Blood of the Vampire looks and feels like a lower-budget Hammer movie, which is largely explained by the writer, Jimmy Sangster, who was responsible for a lot of Hammer's more durable output in the late 50's to early 60's. It was produced by a promising young outfit called Artistes Alliance, who also produced The Giant Behemoth and, less notably, The Strange World of Planet X. I could see Sangster trying to plot a Dracula sequel with Blood's beginning conceit, but the modern medical angle - steampunk as it is in this context - would have taken Hammer's Dracula series out of the supernatural morality play and into something much, much stranger. possibly harder to market, certainly to continue as a franchise. There is no shortage of medical vampire-type stories, but they never seem to be tremendous successes.
The actors do their jobs well, but it has to be pointed out that Sangster, for the most part, hasn't given them more than a dimension each to play out. Pierre is strong-jawed and determined, Madeleine is pretty and determined, Kurt is shaggy and determined... As ever, it's the bad guys in a horror movie that get most of the attention. Madden's mute, hunchbacked Carl I find the most interesting, as he actually winds up being most sympathetic, and that is actually telegraphed in earlier scenes. Sadly, sometime's Carl's prosthetic makeup looks hurriedly slapped-on and his arms magically transform from twisted and useless to strong and formidable, as the scene demands. Wolfitt is a strong presence, with an authoritative, plummy voice. But he simply seems rather stocky to be a vampire... but then, of course, he's not really a vampire...
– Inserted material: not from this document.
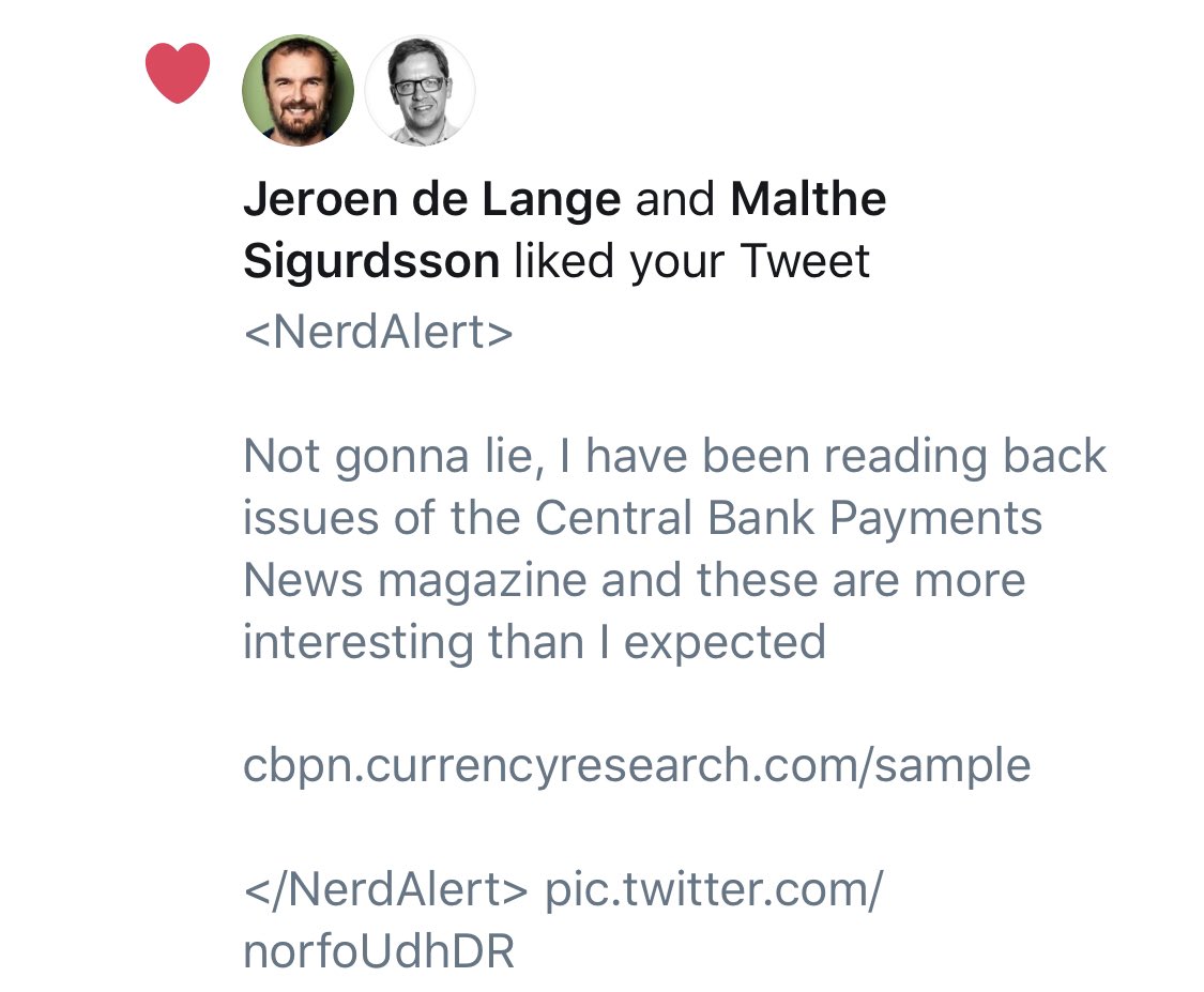 <NerdAlert> Not gonna lie, I have been reading back issues of the Central Bank Payments News magazine and these are more interesting than I expected https://cbpn.currencyresearch.com/sample </NerdAlert>pic.twitter.com/norfoUdhDR

In all, it is possibly Blood's determination to not be pigeonholed as a vampire flick that works against it. It is, in effect, a mad scientist movie, with the monster being the scientist himself; but with a title like Blood of the Vampire... well the story is concerned with the Blood of a so-called Vampire, but... but...
I'm going to stop there before I get too cynical about audiences and their seeming inability to think (I just deleted two paragraphs complaining about it). Blood of the Vampire tried to do something different, but the attempt only goes so far. Past the Frankensteinian early surgical horrors, and its prison setting, it doesn't do much more than trot out some standard pulp cliches - mad doctors, damsels in distress, lovestruck hunchbacks. But then, remember where we are: The Bad Movie Report. Those are the things that make for solid entertainment for yours truly - and chances are, if you are here, for you, too. For us, even minimal changes wrought on a familiar old friend can make that friend exciting and new, and that is no bad thing.

Review:HERE
Images Marcus Brooks

2 comments:

  1. This is in many ways great pastiche of Hammer´s cozy plushness, from rich 1950´s colors and Gothic settings to Barbara Shelley and her lovely costuming. Human experiments and torturing of insane are sleazy idea, of course, but the setting and treatment made it tolerable.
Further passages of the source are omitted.